US Cellular will not activate any device that didn't originally come from them. What do you mean "flash it"? In order for this to work on CDMA, the ESN would have to be added to the carrier's system and then the SID and MTN would have to be changed on the device.
Refusing to activate better devices that they don't sell seems like shooting themselves in the foot these days.
Either way, every person I know who has done business with USC does not like them. Usually it has to do with getting billed for things they didn't do and the carrier refusing to remove the charges. I know one person who cancelled service and they kept sending him bills for 6 months.

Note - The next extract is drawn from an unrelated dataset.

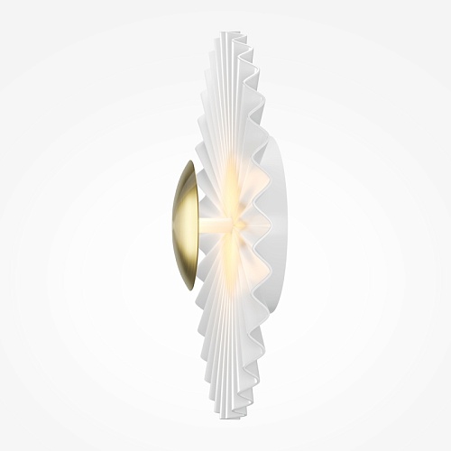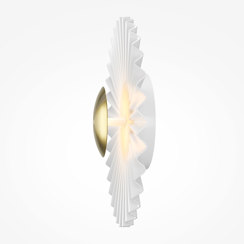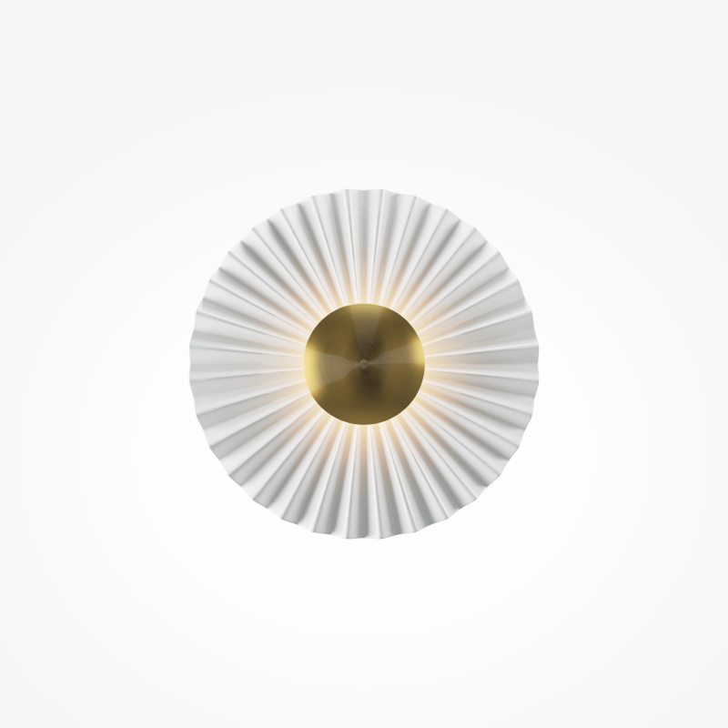 Материал светильников - металл округлой формы 300 мм в диаметре. Цвет - белый. LED-источник света. Цветовая температура — 3000 К. Тип рассеивания — переотраженный. Угол рассеивания — 180°. Металлизированный декоративный элемент, компактные размеры изделия позволяют использовать бра в качестве декора.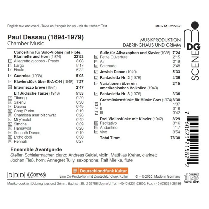 Paul Dessau composed more than 450 works from all the genres, but scarcely a single one of them continues to meet with recognition and representation in today’s concert world. The go-getters of the Ensemble Avantgarde put an end to this unfortunate state of affairs with an impressive overview of the chamber oeuvre of this composer whose vicissitudinous career vividly reflects the dramatic upheavals and achievements of the twentieth century.

This isn't entirely true. But you have to know what you're asking for.
US Cellular uses CDMA, therefor they can activate any CDMA phone on their network provided the ESN is in their system. Verizon and Sprint ESN's are not in their system. You can get them to add it, but you're going to go through a whole lot of hell to succeed. The reason is that wireless carriers generally don't add foreign ESN's except in very limited cases (Car phones mainly) where the device simply isn't replaceable with one of their own.
Where I worked (not US Cellular,) occasionally someone with an old car phone or suitcase-sized phone would call up to try and activate them. Usually we'd just play dumb, try and activate it and when it fails tell them it's not supported. However there is usually an escalation procedure where a technician can actually add the ESN to the HLR manually, thus bypassing the billing system's ESN validation. Note I'm referring to a 2G TDMA system not a 2.5G CDMA2000 or GSM system. In the older CDMA and TDMA systems, the analog mode ESN could be activated on either. When the Analog system was shut down, obviously this could no longer be done (TDMA on CDMA or vice versa.) However the ability to enable an alien ESN still is doable, you just have to find someone who is aware of it and is willing to sacrifice their performance metrics to do it for you.
That said, why would you buy a Verizon or Sprint iPhone and then use it on another carrier? It's not like the GSM devices where the actual device is irrelevant, the network only cares about the IMEI on the sim card. The device may be sim-locked, but you just need to acquire a manufacturer unlocked phone from another country (eg Canada.)
http://store.apple.com/ca/browse/ho...iphone/iphone4s?afid=p219|GOCA&cid=AOS-CA-KWG
"About the Unlocked iPhone
The unlocked iPhone includes all the features of iPhone but without a contract commitment. You can activate and use it on the supported GSM wireless network of your choice.* The unlocked iPhone 4 or iPhone 4S will not work with CDMA-based carriers."